This experiment aims to measure whether a embedding method have a good generalization ability by yoke-tsne.
The basic idea of this experiment is trying to find the clustering effect of same category in training embedding and test embedding. In this experiment, we split Stanford Cars dataset in dataset A(random 98 categories) and dataset B(resting 98 categories). And, train Resnet-50 by N-pair loss on A, and get embedding points of those data in A. Second, train Resnet-50 by N-pair loss on dataset B, and using this trained model to find embedding points of data in dataset A. Finally, compare those two embedding effect by yoke-tsne.
The result is as following:
The left figure is the embedding result of dataset A as training data, and the right figure is the embedding result of dataset A as testing data. As we can see, the cluster in left figure is tight while the cluster in right part is looser. In spite of this, the points in left part was clustered into group, which means the generalization ability of N-Pair loss is not bad.
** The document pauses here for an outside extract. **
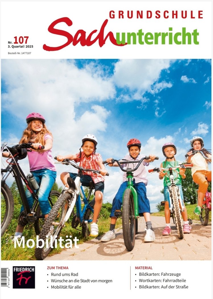 Vor diesem Hintergrund haben Michael Otten, Mitherausgeber der Zeitschrift Grundschule Sachunterricht, und Prof.in Dr.in Sandra Tänzer von der Universität Erfurt ein neues Themenheft herausgegeben. Die Ausgabe 107 der Fachzeitschrift, erschienen im August 2025, widmet sich dem Schwerpunkt „Mobilität“.

Next step, I want to try some embedding methods which are considered as bad 'generalization ability' to validate whether yoke-t-sne is a good tool to measure generalization ability.
This is great! This is exactly the plot that I want to see --- we have something that is mostly aligned, and you can see some variations about groups that are more merged in one of the plots. Perfect.
I'm not exactly sure what you mean by generalization, but I think we need to loop back to re-evaluate the "what is the right lambda" question. Your figure shows that we can get an alignment that still shows some differences. Can you make the version of this with 5 different values of lambda, (one of which is "0"), and show both the pair of embeddings, AND the "alignment error, T-SNE error" in each case.
Sure, I will work on the 'finding right lambda'.
Eventually, I think the goal will be to have a good rule to find the "right" lambda.
Right now, I really want to see what happens for many different values of lambda, and understand how those different values of lambda give trade-offs between "more aligned t-sne" and "t-sne that fits the high dimensional data".